Modeling Snakes and Ladders
Recently I’ve been learning Verus, which is a system for proving the correctness of Rust programs. I’m particularly interested in defining abstract state machines in the style of TLA+ or Event-B, and using Verus to prove properties about those machines, as well as code implementing them. Event-B’s philosophy is to model your program with a simple abstract model first, and incrementally refine it until it can be implemented in its full complexity.
Along these lines I have been tinkering with Event-V, which is a framework that implements the Event-B incremental refinement methodology in Verus. The code in this post is adapted from the Event-V examples.
As an example of this way of working, consider Snakes and Ladders. At the highest level, this is a board game where players start at the first square and take turns moving around the board until one of them reaches the final square, at which point that player wins and the game is over. Yes, there are dice and snakes and ladders involved, but let’s worry about that later.
The Abstract Model
Our first model abstracts the board away completely: all we know is its size. What we will model are the positions of each player on the board, the game’s turn-taking mechanic, and the win condition. To keep life simple, we will only model a 2-player game, though the model is easily extended to any number of players.
Before defining the model, we will create a context object. The context contains configuration that doesn’t change over the lifetime of a machine. In our case, the only piece of configuration is the size of the board.
pub struct Context {
pub board_size: nat,
}
Note that nat is a Verus type that represents a natural number. It only exists in specification code.
In order for our context object to be usable by Event-V, we have to implement the MachineContext trait. Its only requirement is a function valid so Event-V knows what counts as a valid context:
impl MachineContext for Context {
open spec fn valid(&self) -> bool {
// A board with only 1 square would be unplayable as everyone would
// win immediately!
self.board_size > 1
}
}
The open spec qualifier tells Verus that this is a spec-mode function whose body should be made visible to the solver.
Finally, we define a couple of helper functions to use in our spec:
impl Context {
pub open spec fn in_bounds(self, square: int) -> bool {
// Note that Verus allows chaining inequality operators
0 <= square < self.board_size
}
pub open spec fn is_winner(self, square: int) -> bool {
square == self.board_size - 1
}
}
Now that we have a context object, we can define our machine. A machine can be written using the framework’s low-level trait machinery, but that can be quite tedious. Event-V also provides a convenient DSL for defining machines. Below is the definition of our abstract machine. We call it BoardGame, as at this level of abstraction there’s nothing very specific to Snakes and Ladders in it.
// Some quick notes on Verus syntax:
// * The `&&&` and `|||` operators are equivalent to the familiar `&&` and
// `||`, but they are used in a "bullet point" style. Since specifications
// often boil down to a long list of ands and ors, this can be quite handy.
// * Verus also provides some spec-only types like `nat` and `int`, which
// represent mathematical natural numbers and integers.
machine BoardGame {
// The context object contains configuration that can't change over a
// machine's lifetime.
context: Context
// The state contains variables that can be changed by events.
state {
// Each player's position on the board is represented by an integer.
// By convention, the next player is always the first in the pair, so
// each time play passes to the next player we swap them.
players: (int, int),
}
// The initializer takes the context and produces the initial state of
// the machine. By convention, the state object takes the name of the
// machine.
init: |context| BoardGame {
players: (0, 0), // Each player starts off on the first square
}
// The invariant defines what a valid game state looks like.
invariant: |context, state| {
// All players on the board
&&& context.in_bounds(state.players.0)
&&& context.in_bounds(state.players.1)
// At most one winner
&&& !(context.is_winner(state.players.0) &&
context.is_winner(state.players.1))
}
// The machine has a single event which represents a single turn.
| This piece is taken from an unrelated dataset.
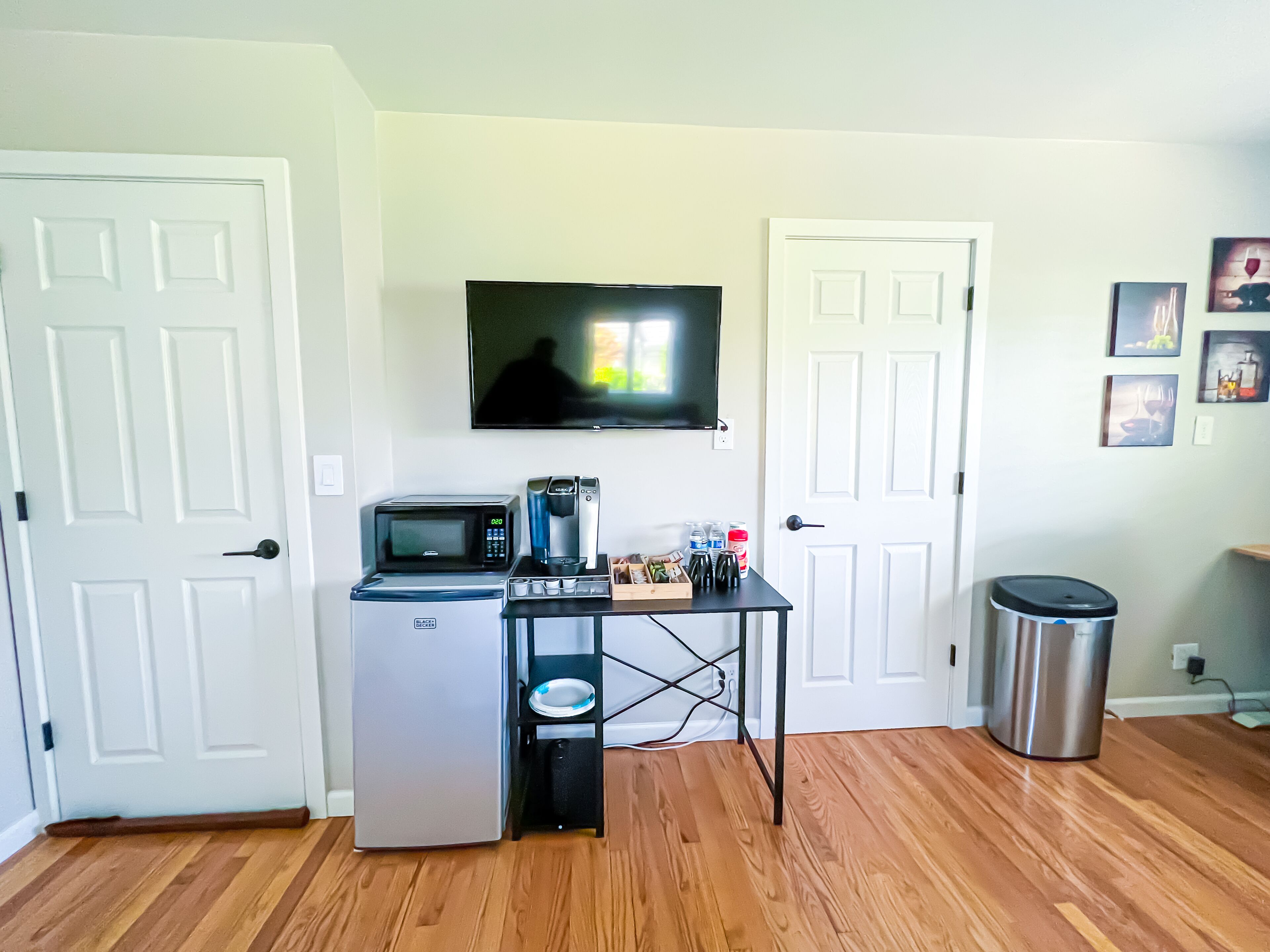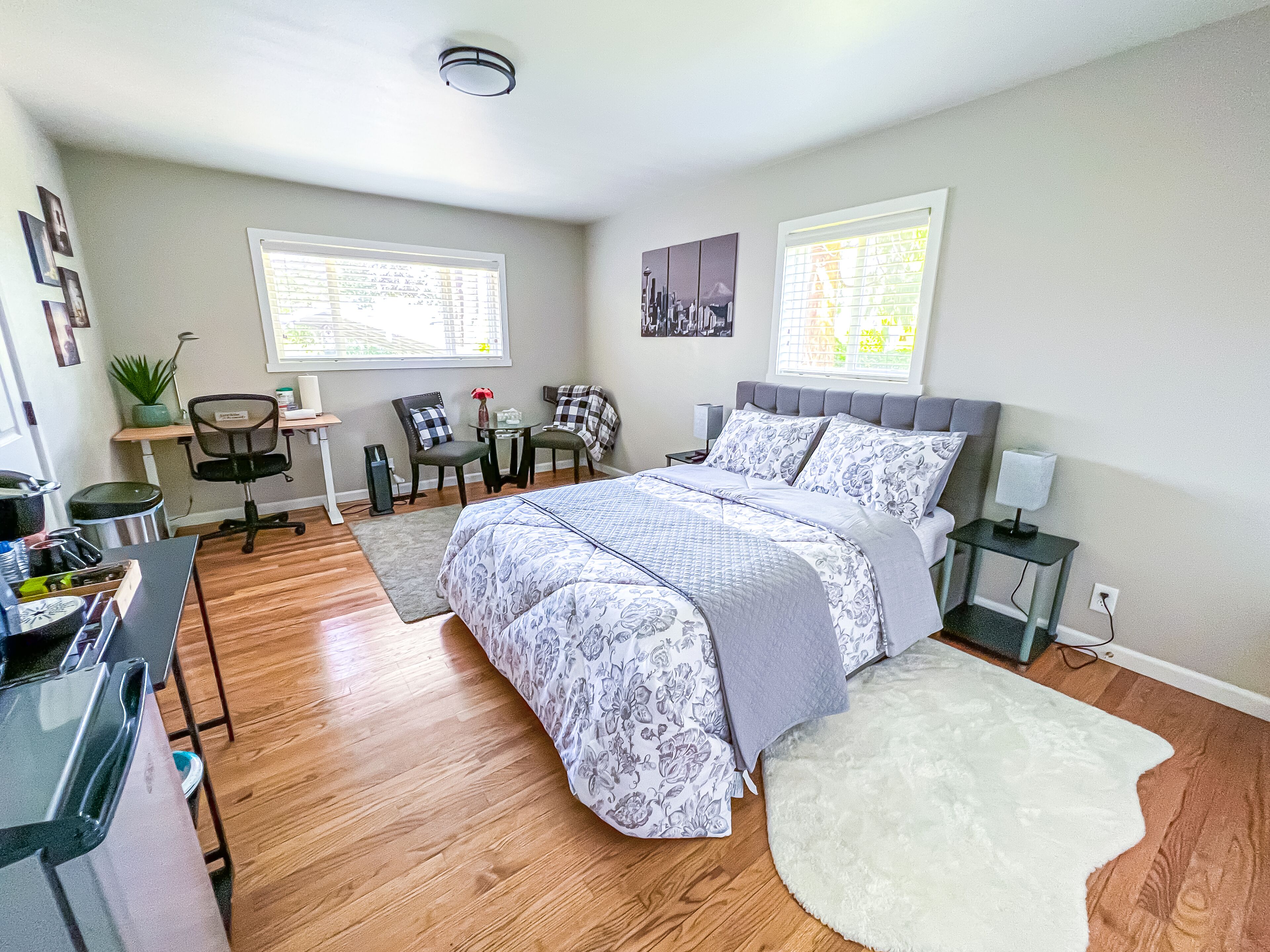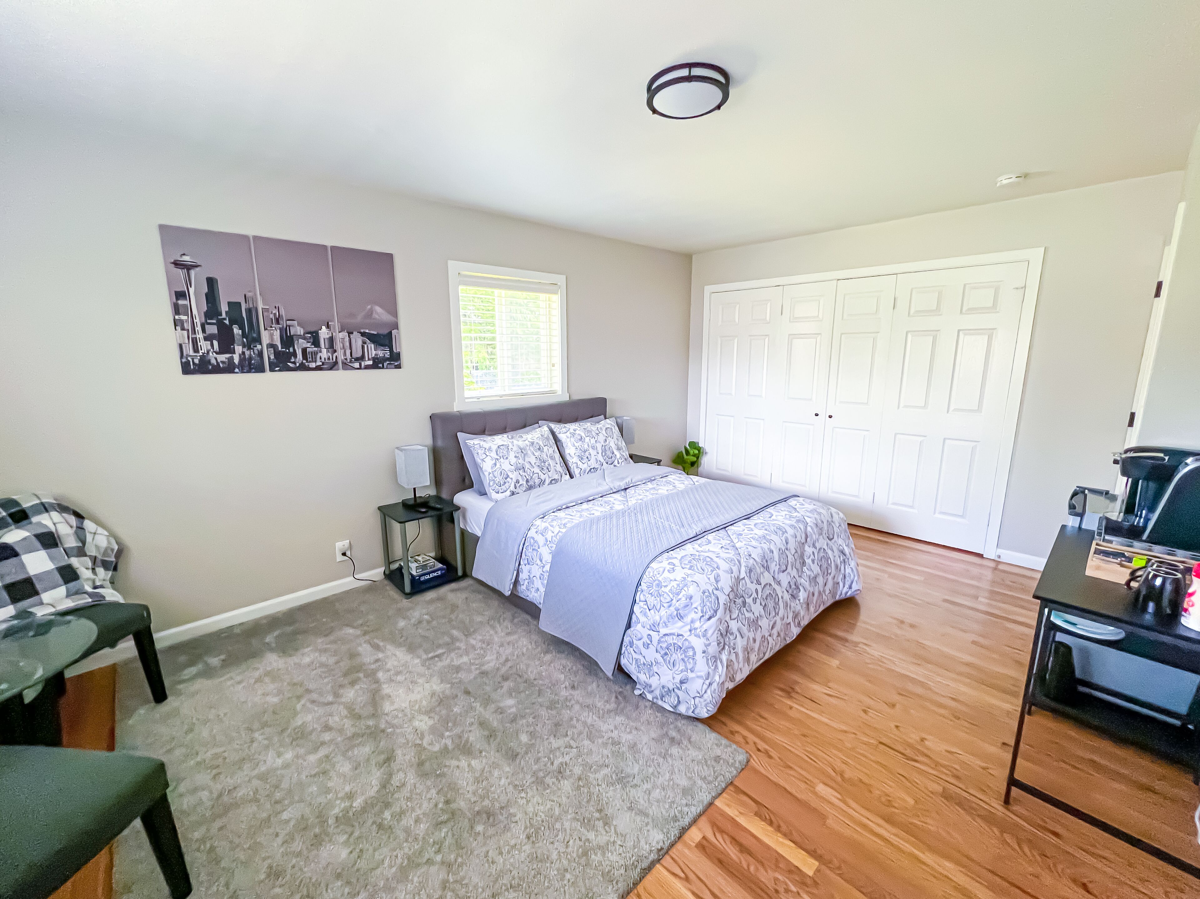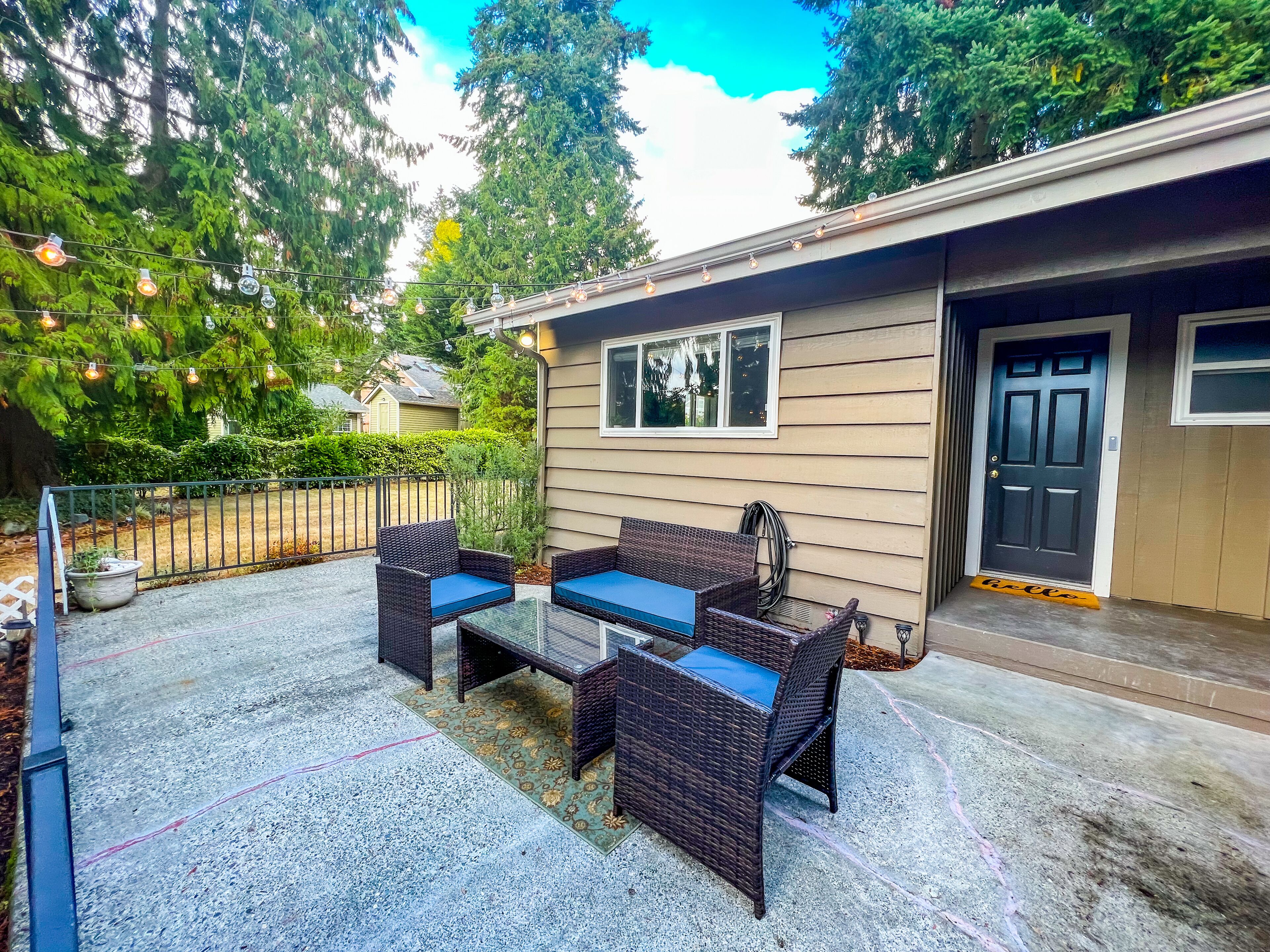 Entire private guest suite with private patio and backyard. Step into a bright and cozy private guest suite, complete with a comfortable bedroom, modern private bathroom, and a sunny patio that opens up to an enormous backyard. Get in touch with nature and enjoy a cozy evening around the fire pit in our secluded backyard. Stay connected with high-speed WiFi internet access and indulge in your favorite movies and TV shows on the 40-inch smart TV, with complimentary access to popular streaming services like Prime Video, and HBO Max. Our bathroom is well-equipped with towel sets, shampoo, body wash, hair dryer, and extra blankets for your comfort. Located just a short 3-minute drive away from Safeway, Dairy Queen, and various restaurants and shopping complexes in Kirkland, and only 6 minutes from the Bothell Marketplace, our location is perfectly situated for your convenience.Nestled in a peaceful residential area, our home sits on a quiet dead-end street that boasts minimal traffic, ensuring a serene and tranquil environment for your stay. There are multiple parks at walkable distance. Few of them offer trekking experience. Additionally, several parks are within walking distance, some of which offer fantastic trekking experiences, perfect for outdoor enthusiasts looking to explore the area's natural beauty.Discovering the vibrant neighborhood around our home is effortless for guests. With the option to walk, bike, or drive to nearby shops, restaurants, and attractions, you'll have everything at your fingertips. Plus, for those arriving by car, we offer the added convenience of complimentary covered parking right in front of the house, ensuring your stay is stress-free and worry-free.Few things about the suiteAlthough the guest access points and areas are separate, the suite is a part of our primary residence. While occasional footstep sounds may be heard, we have sound-dampening measures in place to minimize any disruption. Additionally, there is one security camera outside the suite securing the patio and parking area.

At this
// level, we don't model dice rolls or following snakes and ladders.
// Instead, we just accept some arbitrary square and teleport the player
// there.
event Turn(new_square: int) {
// The guard determines when the event can fire.
guard: |context, state| {
// Game not over
&&& !state.is_done(context)
// Valid next square
&&& context.in_bounds(new_square)
}
// The action defines how the machine's state changes in response to
// the event.
action: |context, state| BoardGame {
// players.0 moves to new_square, and players swap so players.1
// will take their turn next.
players: (state.players.1, new_square),
}
}
}
Behind the scenes, Event-V generates several proof obligations so that Verus will complain if our machine has any bugs. For example, if we initialized the players to square -1, Verus would complain that the in_bounds requirement in the invariant was not satisfied. Similarly, it is not possible to define an event that produces an invalid state.
In future posts we will refine this model by fleshing out the board representation and adding dice rolls.